The Witten equation and its virtual fundamental cycle
Huijun Fan, Tyler J. Jarvis, Yongbin Ruan
TL;DR
The paper develops a rigorous analytic framework for the Witten equation associated to a quasi-homogeneous potential $W$, incorporating perturbations $W+W_0$ to access Morse data and control moduli of solutions on orbicurves. It proves compactness and constructs a virtual fundamental cycle using a Kuranishi structure and multisection perturbations, while detailing wall-crossing behavior that mirrors Picard-Lefschetz theory. An extended virtual cycle for the unperturbed equation is obtained, and axioms analogous to Gromov-Witten and $r$-spin theories are established for the resulting invariants.

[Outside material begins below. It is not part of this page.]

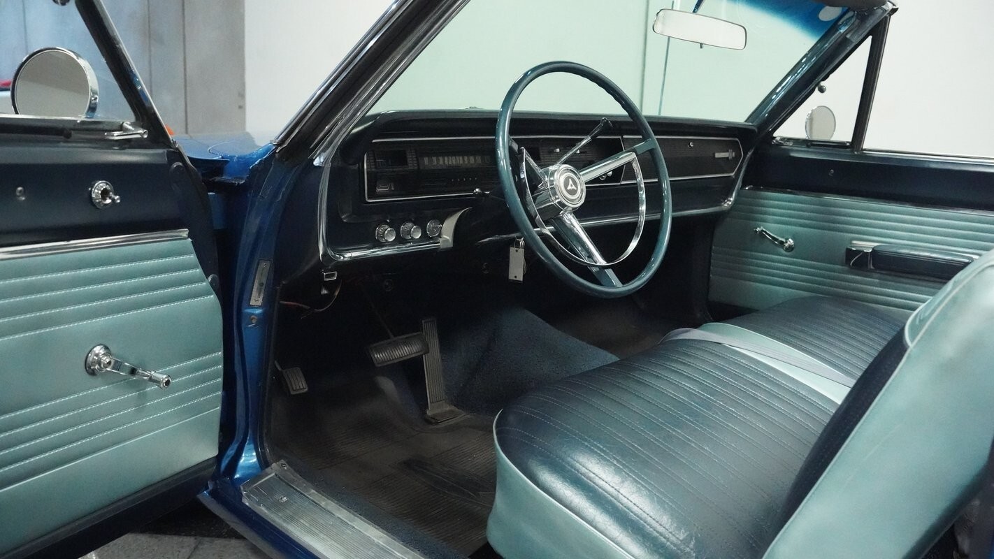 Inside, the blue vinyl cockpit keeps things old-school cool. A factory bench seat gives you plenty of room to operate, while the column-mounted shifter puts the TorqueFlite's muscle right at your fingertips. The original AM radio and beefed-up rear speakers let you bring your own soundtrack. Power steering and power brakes make this bruiser easy to handle when you're cruising or pushing it hard. Factory gauges keep you informed of what's happening under that hood.

The approach fuses delicate nonlinear analysis (interior estimates, exponential decay, Liouville-type results) with a robust algebro-geometric framework (rigidified $W$-structures, orbifold glueing) to produce a mathematically tractable theory with potential applications to mirror symmetry and singularity theory. Overall, the work lays analytic foundations for a computable, axiomatic theory of Witten-type invariants in the Landau-Ginzburg/Calabi-Yau context.
Abstract
We study a system of nonlinear elliptic PDEs associated with a quasi-homogeneous polynomial. These equations were proposed by Witten as the replacement for the Cauchy-Riemann equation in the singularity (Landau-Ginzburg) setting. We introduce a perturbation to the equation and construct a virtual cycle for the moduli space of its solutions. Then, we study the wall-crossing of the deformation of the virtual cycle under perturbation and match it to classical Picard-Lefschetz theory. An extended virtual cycle is obtained for the original equation. Finally, we prove that the extended virtual cycle satisfies a set of axioms similar to those of Gromov-Witten theory and r-spin theory.